• _Task instructions_
Exclude the pictures, then copy word for word the lines running from the beginning of the records through the line with "Drankrelatiegeschenk met Rode".
Provided records section start
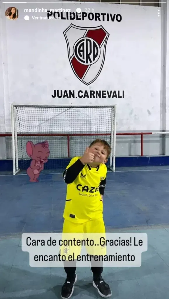 Más allá de aquel gesto del “Dibu” hacia el estadio más grande de Sudamérica, en las últimas horas se viralizó una foto que volvió a llamar la atención dentro del Mundo River. Es que Mandinha Martínez, esposa del arquero de la Selección Argentina, posteó una foto de Santi, su hijo mayor, entrenando en una cancha de baby fútbol con un escudo gigantesco del Más Grande. “Cara de contento. ¡Gracias! Le encantó el entrenamiento”, publicó la mamá del pequeño, que posó para la imagen con la rompa de arquero.
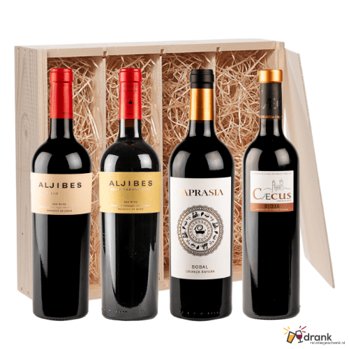 Drankrelatiegeschenk met Rode Wijnen Inhoud verpakking 1x Finca los Aljibes Petit Verdot 1x Finca los...
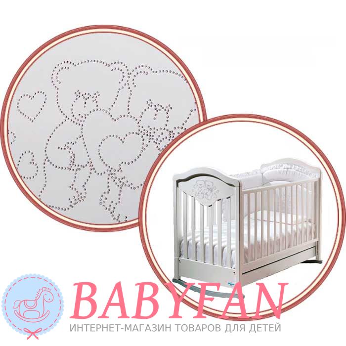 - классической формы кроватка декорирована аппликацией из кристаллов Swarovsky в виде серебристых сердечек и мишек;
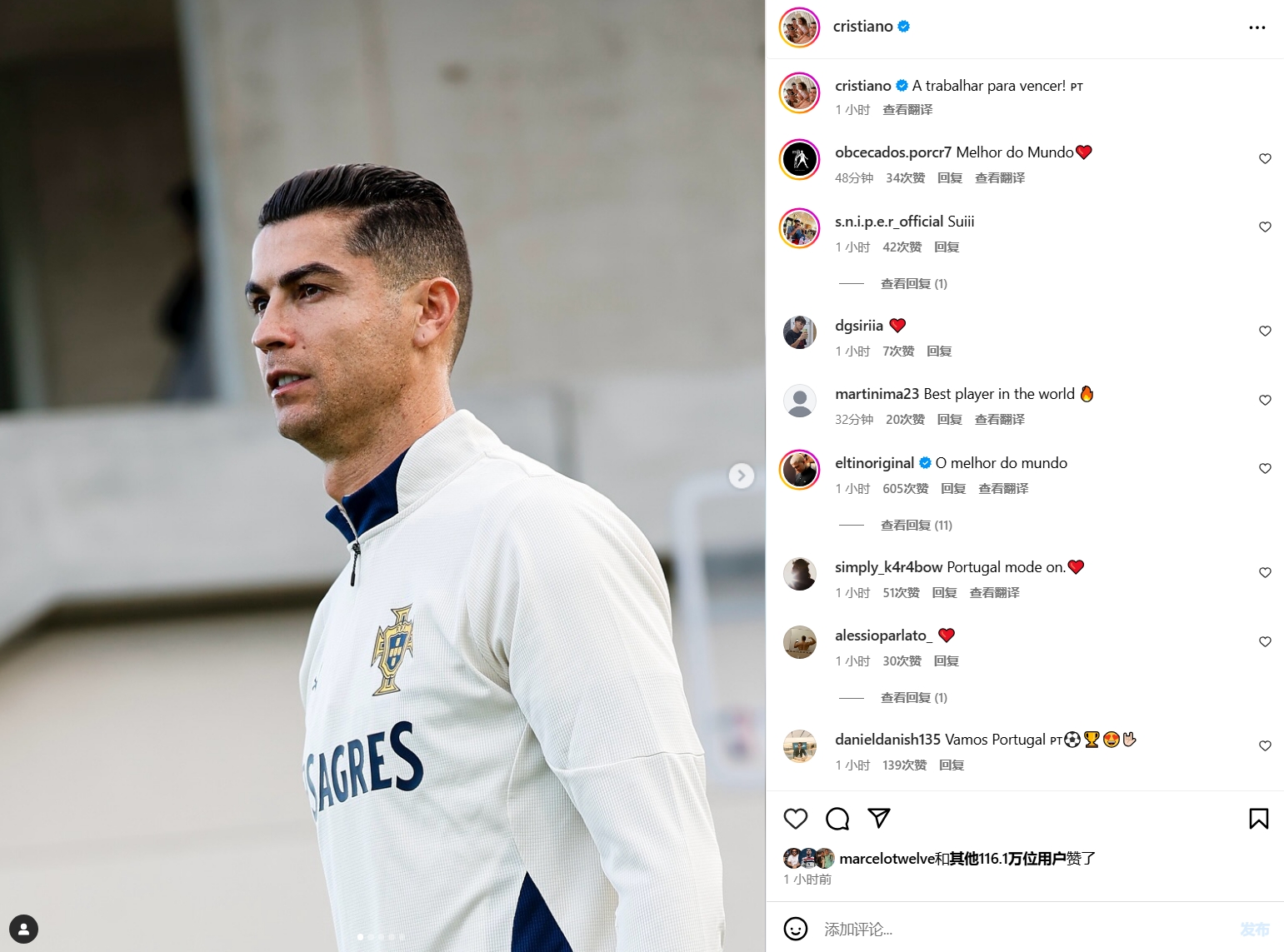 2025-03-19 14:46:18即将对阵丹麦!C罗晒葡萄牙队训练照:为了胜利而工作!
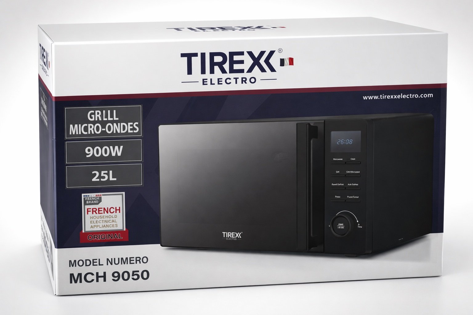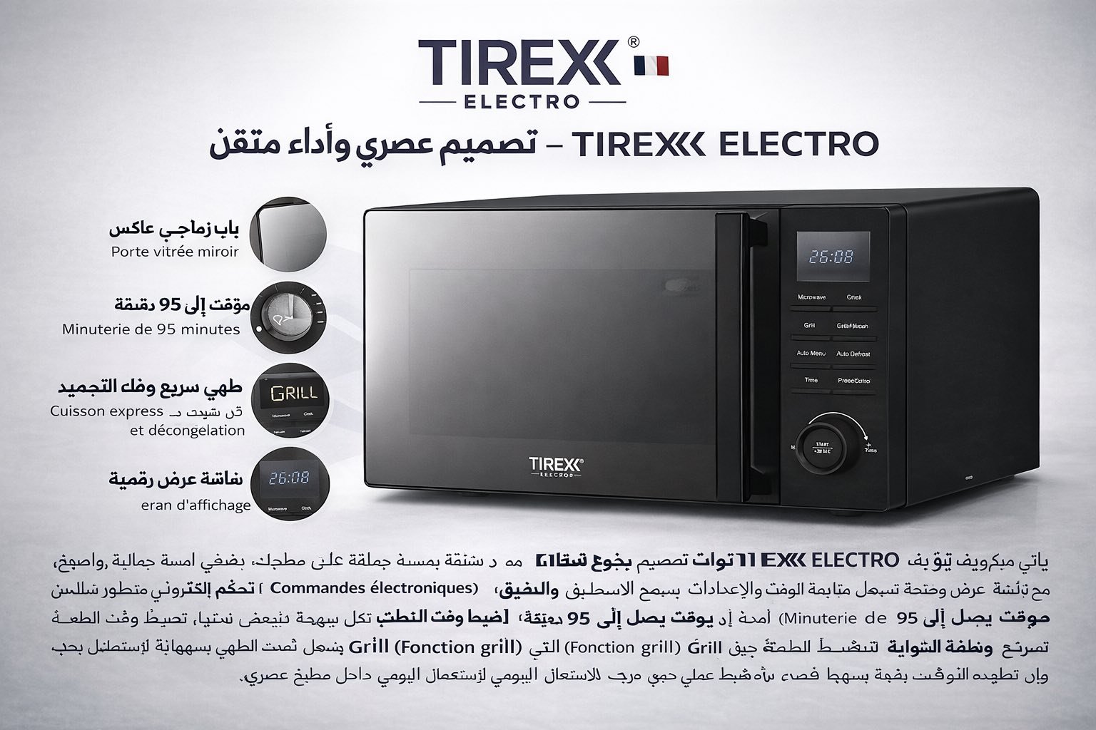 يأتي ميكروويف TIREXX ELECTRO بتصميم عصري وأنيق مزود بـ باب زجاجي عاكس (Porte vitrée miroir) يضفي لمسة جمالية على المطبخ، مع شاشة عرض رقمية واضحة تسهّل متابعة الوقت والإعدادات. يحتوي على تحكم إلكتروني متطور (Commandes électroniques) يسمح بالاستعمال السلس والدقيق، إضافة إلى مؤقت يصل إلى 95 دقيقة (Minuterie de 95 minutes) لضبط وقت الطهي بكل سهولة. يوفر الجهاز الطهي السريع وفك التجميد (Cuisson express et décongélation) لتوفير الوقت، إلى جانب وظيفة الشواية Grill (Fonction grill) التي تمنح الأطعمة تحميرًا مثالياً. كما يتميز بـ مقبض باب عملي وسهل السحب (Poignée de porte facile à tirer) وإمكانية ضبط وقت الطهي بسهولة (Réglage facile du temps de cuisson)، ما يجعله خيارًا عمليًا ومريحًا للاستعمال اليومي داخل كل مطبخ عصري
Provided records section end
• _Response box_
 Más allá de aquel gesto del “Dibu” hacia el estadio más grande de Sudamérica, en las últimas horas se viralizó una foto que volvió a llamar la atención dentro del Mundo River. Es que Mandinha Martínez, esposa del arquero de la Selección Argentina, posteó una foto de Santi, su hijo mayor, entrenando en una cancha de baby fútbol con un escudo gigantesco del Más Grande. “Cara de contento. ¡Gracias! Le encantó el entrenamiento”, publicó la mamá del pequeño, que posó para la imagen con la rompa de arquero.
 Drankrelatiegeschenk met Rode Wijnen Inhoud verpakking 1x Finca los Aljibes Petit Verdot 1x Finca los...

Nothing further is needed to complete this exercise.